The present invention is directed to a cell permeable NF-KB inhibitor comprising (i) a polypeptide of SEQ ID NO. 5 or 11, or homologues or derivatives thereof, and (ii) a protein transduction domain which is able to transport the polypeptide across cell membrane. In general, the protein transduction domain is derived from the third helix of the antennapedia homeodomain, herpes virus structural protein, or HIV tat protein. In one embodiment of the present invention, the protein transduction domain derived from the third helix of the antennapedia homeodomain has the sequence of SEQ ID NO. 3, and the cell permeable. NF-κB inhibitor has the sequences of SEQ ID NO. 4 or 10.
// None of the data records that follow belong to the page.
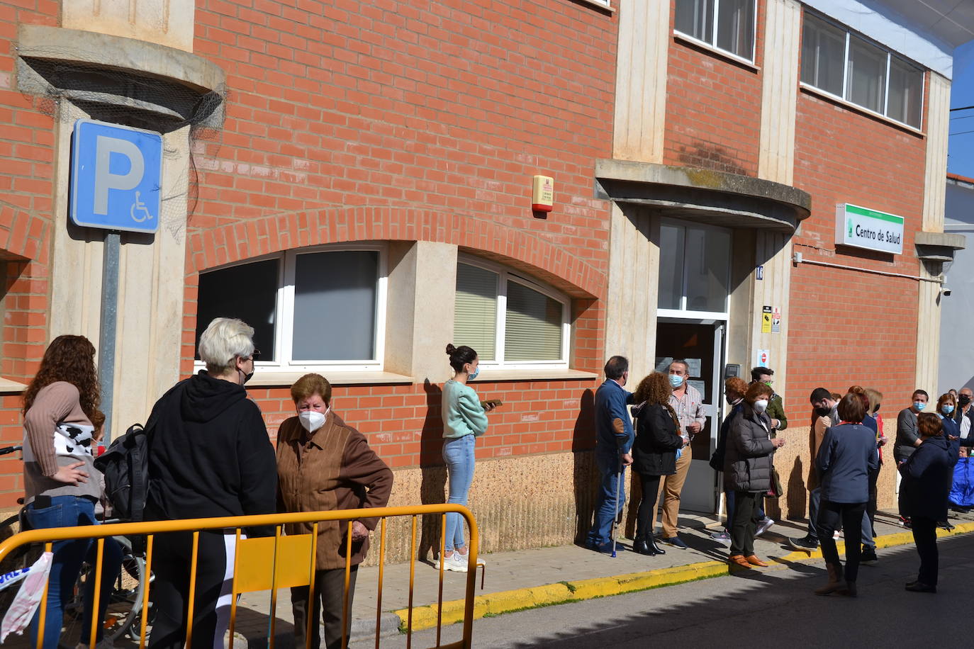La puerta del Centro de Salud es un hervidero: ahí confluyen los grandes dependientes y mayores de noventa años- que se ponen la segunda dosis- y los mayores de ochenta que también han sido citado. Voluntarios de Cruz acaban de llegar con una mujer.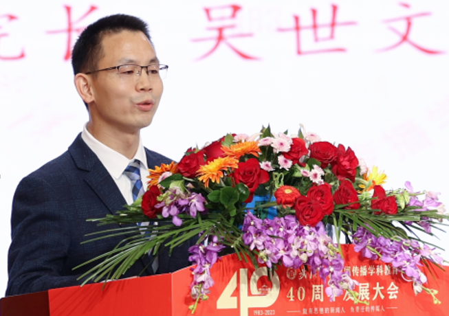 qm球盟会副经理吴世文教授作为青年教师代表发言,他用“前辈”“传统”“初心”三个关键词讲述了他在武大新闻学院的所见所感,他表示,青年教师将在新的时代条件下立德树人,不改初心,敬畏学术,实质创新,奉献社会,日益精进。由学术、学者、员工和学心构成的武大新传共同体,也将会打造球盟会新闻传播教育新的传奇。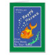 Une carte de voeux amusante "De notre maison à la vôtre" pour le Nouvel An persan, avec un poisson rouge souriant, vous souhaitant, 'Heureux Norooz', d'une illustration aquarelle de Judy Adamson. Vous pouvez modifier le message intérieur si vous le souhaitez.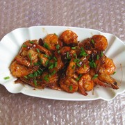 青虾、葱花、盐、糖、蚝油、油、番茄酱、胡椒粉。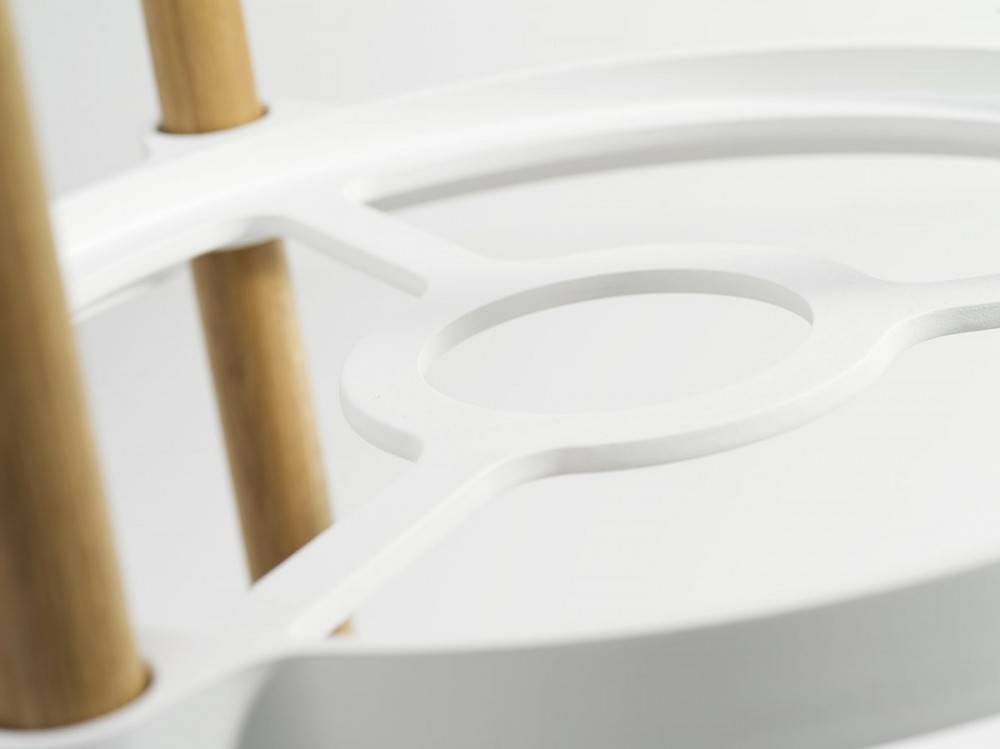 Naulakon kruunu, sateenvarjoteline ja jalusta on valmistettu alumiinista ja viimeistelty valkoisella, rakenteeltaan hienovaraisesti teksturoidulla lakalla. Selkeälinjainen muotoilu ja laadukkaat materiaalit tekevät Sticks Roundista ajattoman valinnan.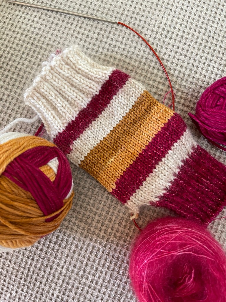 A couple of weeks ago, one of my sisters whose birthday is coming up, asked if I could knit her a pair of fingerless mitts. Wow, I don’t often get requests from family members to knit them anything. It doesn’t take a birthday for me to make for anyone, especially family. So I went to my stash. I gave her some yarn options, from which she made a selection, then I gave her a few more options (based on her first choice) but she still stuck with her original choice. The yarn is deep stash, Colinette Jitterbug. Gosh, it’s such a good yarn which sadly has been discontinued for many years now. The colourway is Forest.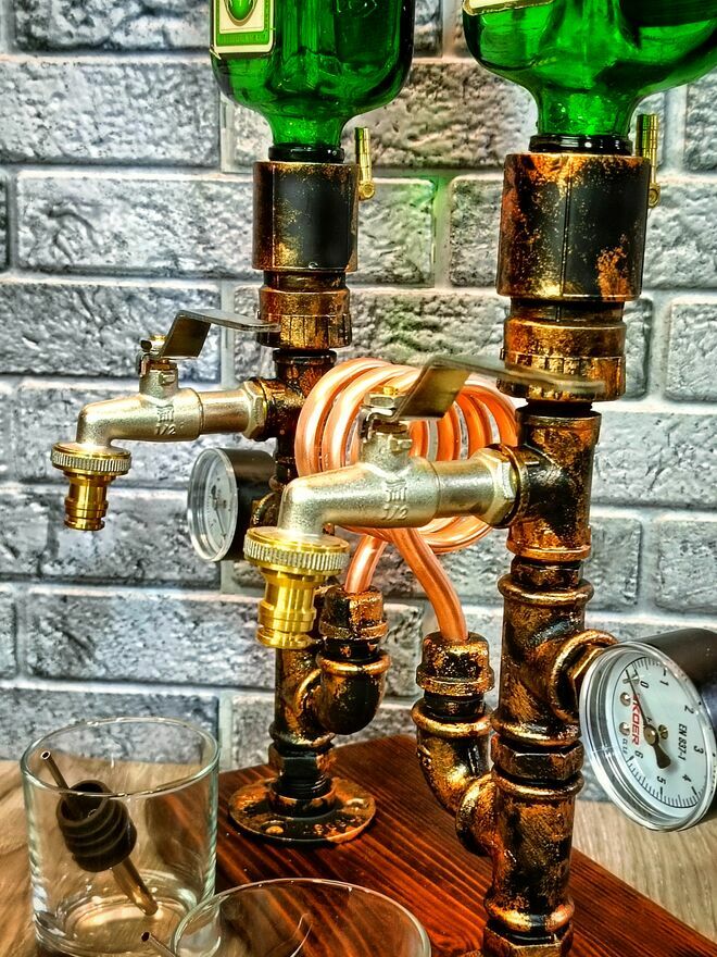 Świetny gadżet na każdą okazję, idealny na prezent.Idealny na prezent, upominek dla Panów, wykonany z mosiężnych złączek hydraulicznych w połączeniu z naturalnym drewnem.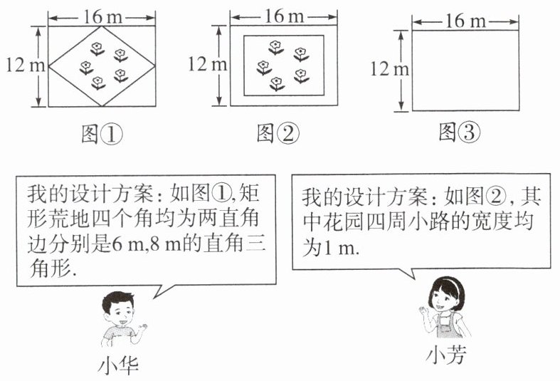 6. 在一块长为 $ 16 \, m $,宽为 $ 12 \, m $ 的矩形荒地上建造一个花园,要求花园面积是荒地面积的一半,下面分别是小华与小芳的设计方案。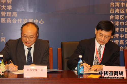 國家中醫(yī)藥管理局對臺港澳交流合作中心、臺灣工研院等單位就加強兩岸中醫(yī)藥合作交流達(dá)成多項協(xié)議,圖為簽約儀式現(xiàn)場(中國臺灣網(wǎng) 趙輝 攝)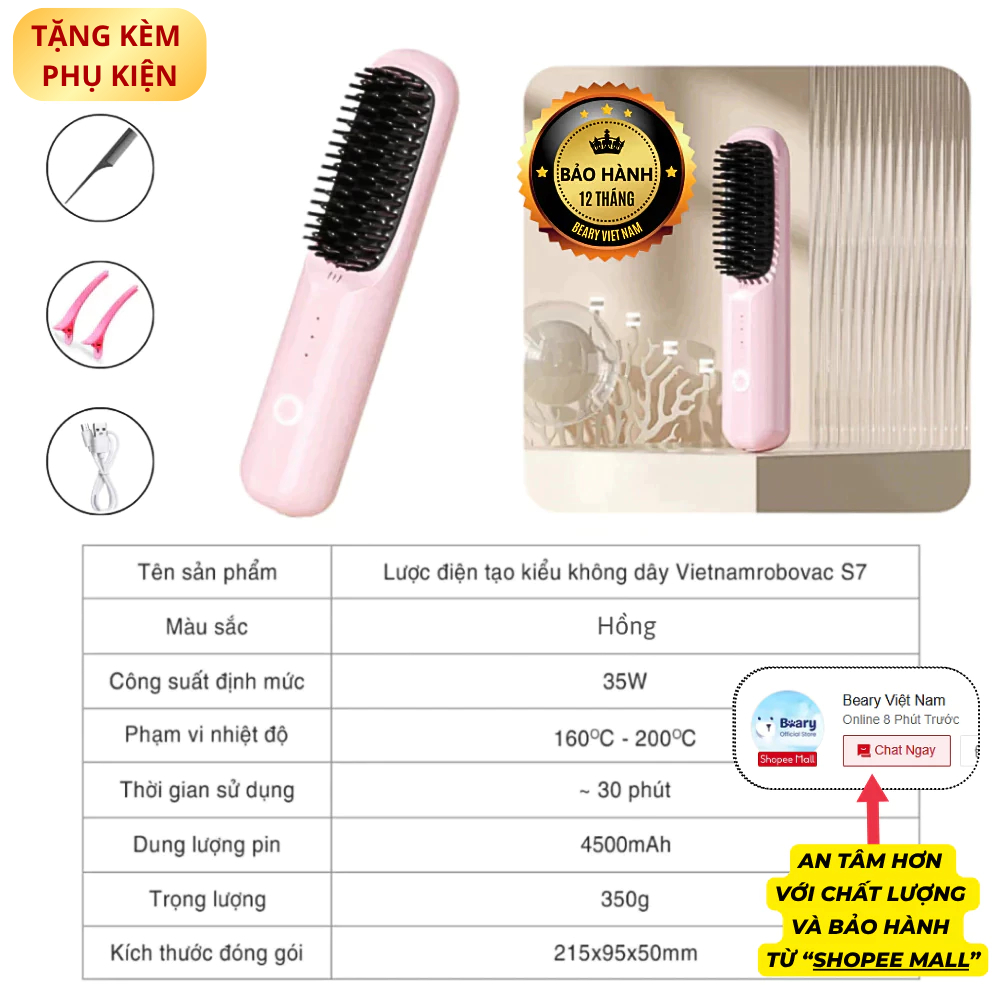 Lược Chải Tóc Điện Ion Âm METIS Lược Duỗi Thẳng, Bảo Vệ Tóc Cao Cấp Với 50 Triệu Ion Âm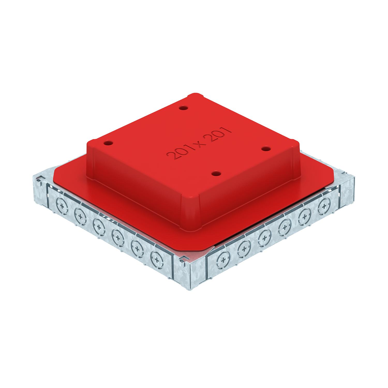 Produkta aprakstsZemgrīdas pieslēguma kārba ar fiksētu un nemainīgu montāžas atveri 201 x 201 mm iebūvējamajai vienībai ar nominālo izmēru 4. Montāžas atvere tiek izveidota, izmantojot piegādes komplektācijā ietverto kausveida elementu. Zemgrīdas kārbā ir montāžas atveres 2 vai 3 sekciju tērauda loksnes zemgrīdas kanālam ar nominālo izmēru 25038, kā arī sešām instalācijas caurulēm M20 vai M25 visās četrās pusēs. Kārba principā ir piemērota izmantošanai grīdas konstrukcijās ar cementa pamatni, ar konstrukcijas augstumu līdz 90 mm.

In another aspect, the present invention provides methods of using the NF-κB inhibitor to inhibit DNA binding activity of NF-κB or enhance apoptosis in a cell. In general, DNA binding activity of NF-κB induced by TNF, LPS, IL-1, okadaic acid, PMA, H₂O₂, cigarette smoke condensate, TNF receptor 1 (TNFR1), TNF receptor-associated death domain (TRADD), TNF receptor-associated factor 2 (TRAF2), NF-κB-inducing kinase (NIK), or IκBα kinase (IKK) could be inhibited by the inhibitor, whereas apoptosis induced by TNF, or chemotherapeutic agent such as doxorubicin or cisplatin could be enhanced by the inhibitor.

Other and further aspects, features, and advantages of the present invention will be apparent from the following description of the presently preferred embodiments of the invention. These embodiments are given for the purpose of disclosure.